> TASK INSTRUCTIONS
Below this sentence is a listing; return exactly its lines from the one with "При оплате клиенту" to the one with "Auf dem Foto: Nicole", both kept, and nothing more.

> SOURCE DATA

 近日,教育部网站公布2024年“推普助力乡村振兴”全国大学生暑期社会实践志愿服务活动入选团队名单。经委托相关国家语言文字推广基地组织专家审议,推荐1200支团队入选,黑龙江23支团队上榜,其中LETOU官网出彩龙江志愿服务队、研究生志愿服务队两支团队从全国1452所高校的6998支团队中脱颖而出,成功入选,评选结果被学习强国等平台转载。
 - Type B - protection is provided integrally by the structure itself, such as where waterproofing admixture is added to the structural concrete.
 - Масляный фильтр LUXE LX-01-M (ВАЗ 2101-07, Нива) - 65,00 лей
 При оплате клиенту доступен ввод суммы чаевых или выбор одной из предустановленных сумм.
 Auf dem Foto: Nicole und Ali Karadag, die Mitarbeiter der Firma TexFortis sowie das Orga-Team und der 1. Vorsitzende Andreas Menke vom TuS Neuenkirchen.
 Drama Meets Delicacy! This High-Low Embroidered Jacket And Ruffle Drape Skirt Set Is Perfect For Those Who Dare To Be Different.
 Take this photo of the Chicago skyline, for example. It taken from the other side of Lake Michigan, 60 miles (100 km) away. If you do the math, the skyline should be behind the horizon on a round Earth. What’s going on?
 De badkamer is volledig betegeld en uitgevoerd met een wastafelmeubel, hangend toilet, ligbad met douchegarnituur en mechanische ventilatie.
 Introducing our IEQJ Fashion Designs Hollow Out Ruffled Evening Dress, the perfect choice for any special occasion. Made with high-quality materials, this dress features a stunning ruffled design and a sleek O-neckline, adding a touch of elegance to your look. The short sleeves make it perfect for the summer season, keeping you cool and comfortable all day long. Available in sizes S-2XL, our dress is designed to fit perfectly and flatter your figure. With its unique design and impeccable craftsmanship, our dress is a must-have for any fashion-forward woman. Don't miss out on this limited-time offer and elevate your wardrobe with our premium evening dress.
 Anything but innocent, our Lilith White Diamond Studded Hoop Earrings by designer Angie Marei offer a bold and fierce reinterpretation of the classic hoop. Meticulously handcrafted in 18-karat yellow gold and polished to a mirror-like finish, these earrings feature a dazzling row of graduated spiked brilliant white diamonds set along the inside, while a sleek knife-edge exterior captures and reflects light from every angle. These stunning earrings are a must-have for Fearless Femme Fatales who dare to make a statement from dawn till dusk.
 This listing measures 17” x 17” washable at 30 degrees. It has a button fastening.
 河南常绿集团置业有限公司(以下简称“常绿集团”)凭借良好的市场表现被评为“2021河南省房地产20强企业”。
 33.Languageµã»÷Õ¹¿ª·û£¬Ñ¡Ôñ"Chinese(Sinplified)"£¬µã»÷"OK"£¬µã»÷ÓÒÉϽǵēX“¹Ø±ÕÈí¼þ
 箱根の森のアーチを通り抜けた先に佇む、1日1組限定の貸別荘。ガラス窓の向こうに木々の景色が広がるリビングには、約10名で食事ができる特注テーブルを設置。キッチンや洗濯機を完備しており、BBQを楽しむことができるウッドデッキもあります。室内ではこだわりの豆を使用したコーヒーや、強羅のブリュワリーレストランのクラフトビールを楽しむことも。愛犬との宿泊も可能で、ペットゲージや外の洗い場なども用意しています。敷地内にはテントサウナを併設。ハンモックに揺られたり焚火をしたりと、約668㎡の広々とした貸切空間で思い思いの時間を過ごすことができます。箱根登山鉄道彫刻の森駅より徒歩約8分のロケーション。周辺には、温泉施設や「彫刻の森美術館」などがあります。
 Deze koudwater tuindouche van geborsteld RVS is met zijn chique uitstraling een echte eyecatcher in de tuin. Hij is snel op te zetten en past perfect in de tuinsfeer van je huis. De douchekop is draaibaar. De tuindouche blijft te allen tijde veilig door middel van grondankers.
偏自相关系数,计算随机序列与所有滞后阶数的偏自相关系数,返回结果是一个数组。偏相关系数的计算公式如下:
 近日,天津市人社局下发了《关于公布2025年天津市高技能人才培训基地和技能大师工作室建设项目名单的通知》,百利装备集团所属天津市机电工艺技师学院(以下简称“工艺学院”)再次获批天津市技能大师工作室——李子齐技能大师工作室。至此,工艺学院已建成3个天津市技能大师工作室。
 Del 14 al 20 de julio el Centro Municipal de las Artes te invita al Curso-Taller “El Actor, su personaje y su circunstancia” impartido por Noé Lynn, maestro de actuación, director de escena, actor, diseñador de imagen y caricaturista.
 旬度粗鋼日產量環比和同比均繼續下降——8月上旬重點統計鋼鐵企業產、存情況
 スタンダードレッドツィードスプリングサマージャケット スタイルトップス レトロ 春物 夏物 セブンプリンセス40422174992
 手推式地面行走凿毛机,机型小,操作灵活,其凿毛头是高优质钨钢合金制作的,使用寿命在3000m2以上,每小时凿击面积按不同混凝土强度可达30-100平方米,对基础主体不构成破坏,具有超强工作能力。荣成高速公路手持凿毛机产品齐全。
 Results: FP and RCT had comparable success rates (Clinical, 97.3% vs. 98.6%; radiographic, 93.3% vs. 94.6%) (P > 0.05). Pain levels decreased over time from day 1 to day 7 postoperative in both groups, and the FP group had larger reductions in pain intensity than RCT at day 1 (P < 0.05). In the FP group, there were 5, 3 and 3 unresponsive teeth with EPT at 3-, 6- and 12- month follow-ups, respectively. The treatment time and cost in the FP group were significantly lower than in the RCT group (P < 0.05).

> WRITTEN SOLUTION
 При оплате клиенту доступен ввод суммы чаевых или выбор одной из предустановленных сумм.
 Auf dem Foto: Nicole und Ali Karadag, die Mitarbeiter der Firma TexFortis sowie das Orga-Team und der 1. Vorsitzende Andreas Menke vom TuS Neuenkirchen.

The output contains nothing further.